The article continues, "The SEC doesn't like to set hard and fast rules," says Roy Weitz, founder of which tracks the fund industry. "They feel that it's not fair to the industry and they don't want to go out on a limb. THE ISSUES GET RAISED.......AND FLOAT AROUND FOREVER."

The article goes on, "The SEC is taking steps to fix other shortcomings. It says it is emphasizing real-time enforcement in major cases instead of dragging them out for years, a change Mr. Pitt pushed. It is establishing an Office of Risk Assessment to try to spot boulders in the rapids ahead. Newly hired enforcement attorneys will be dispatched with examiners to learn more about the industries they police. And a new staff squad will review all examination reports that raise enforcement issues to see why the issues weren't pursued, agent officials say. Too little effort had been put into "attempts to identify current risks and prioritize those risks", according to Mr. Donaldson. He wants examiners to be "more focused in on where the real problems are, as opposed to a checklist approach in playing 'gotcha' with inspections."

I feel that this article hit the nail on the head as it pertains to the SEC's historical approach to the massive fraud referred to as "naked short selling". Working at the SEC for relatively meager wages is often seen as a launching platform for a more lucrative career on Wall Street. The mantra for many employees naturally becomes "Don't ruffle any of the feathers of possible future employers". My message to the SEC would be to quit worrying about what "the industry" might think. "The industry" is beating the "you know what" out of the micro cap investors. You are the regulators of "the industry". YOU ARE THE ONLY COPS! You're not going "out on a limb" by performing the duties that Congress mandated and empowered you to do. Don't let this issue of naked short selling, "get raised and floated around forever" any longer, been there done that. In 1999, 2,700 of us took time out of our lives to plead for your intervention in this matter. I believe this might have been an all-time record response to an "SEC Concept Release". Here we are nearly 5 years later back on your doorstep, in fact, we never did really leave your doorstep.

It is way too late for you to be "proactive" in this fraud. The best you can do now is to be "reactive" to the fraud which you often get criticized for but this is a whole lot better than being "inactive" in regards to this naked short selling fraud any longer.

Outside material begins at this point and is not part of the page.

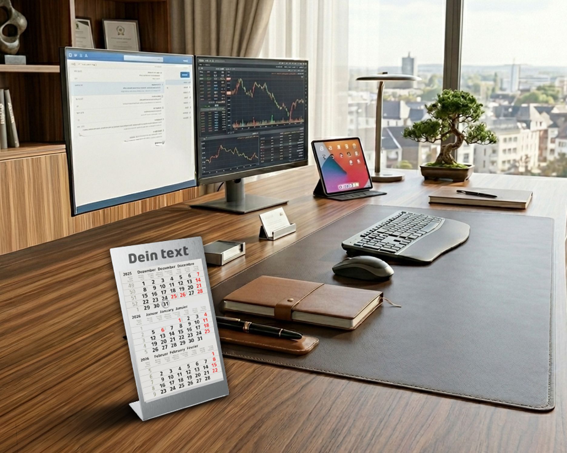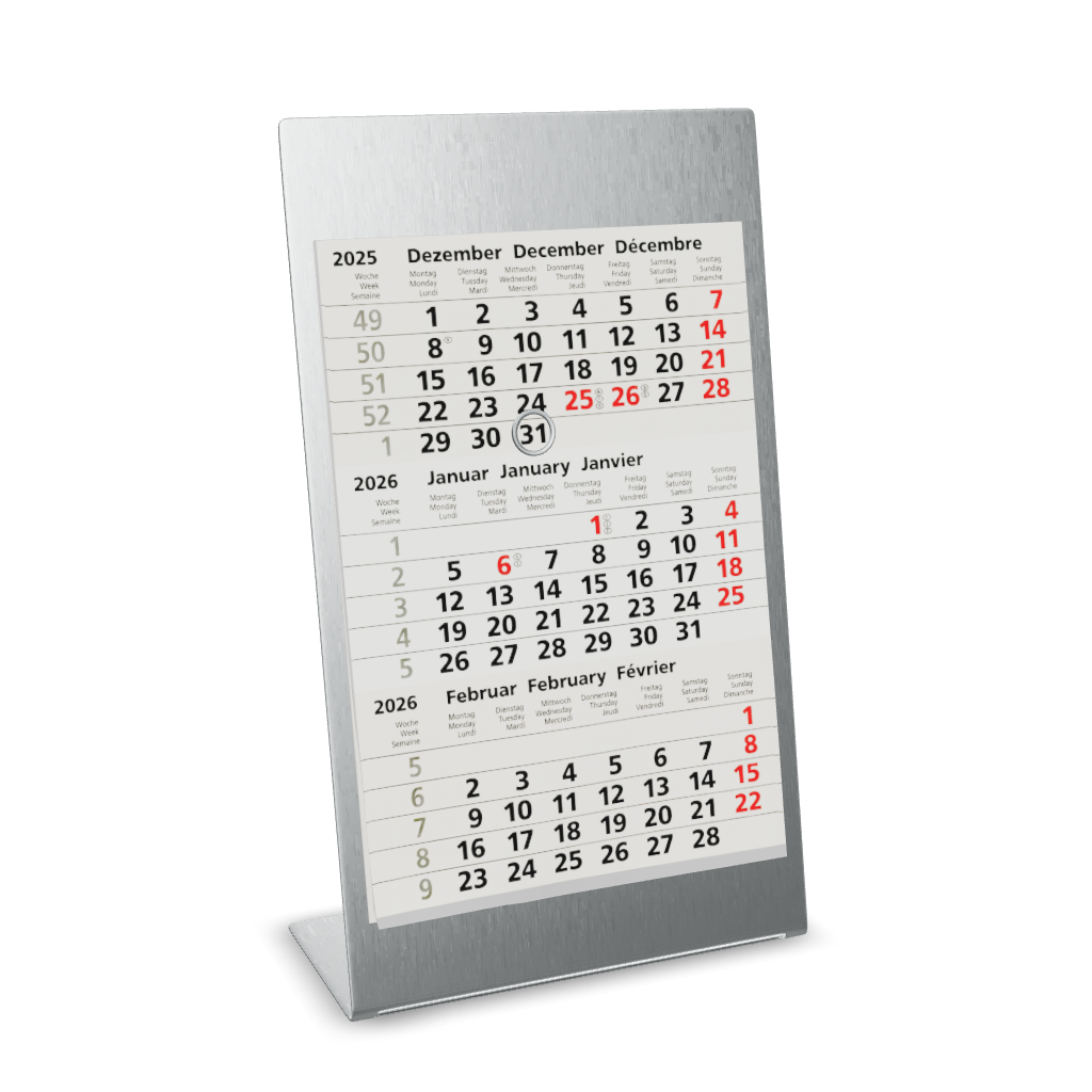 Schluss mit Papier-Chaos. Das ist dein letzter Schreibtischkalender. Ein pures Design-Statement aus gebürstetem Edelstahl. Er läuft nie ab! Du markierst Tag und Monat einfach mit dem coolen Magnetring. Im Konfigurator wird er zum Unikat: Graviere „Chefbüro“, „[Name]s Headquarter“ oder „Mach’s möglich“. Das ultimative, stilvolle Upgrade für jeden Schreibtisch.

Mr. Katz, I hope you can sense the frustration levels of the American micro cap investors. Since naked short selling is a particularly heinous version of a securities fraud that deals with the integrity of the unit of equity ownership of a "U.S. Corporation", something we refer to as a "share", the ramifications of this fraud are very far reaching for the integrity of the public markets trading these "shares". Please tighten up the loopholes in the proposed Regulation SHO especially involving the immediate buy-in of these open positions and also the applicability of the Rule 11830 parameters of protection to victim companies not yet able to become fully reporting as well as reporting companies.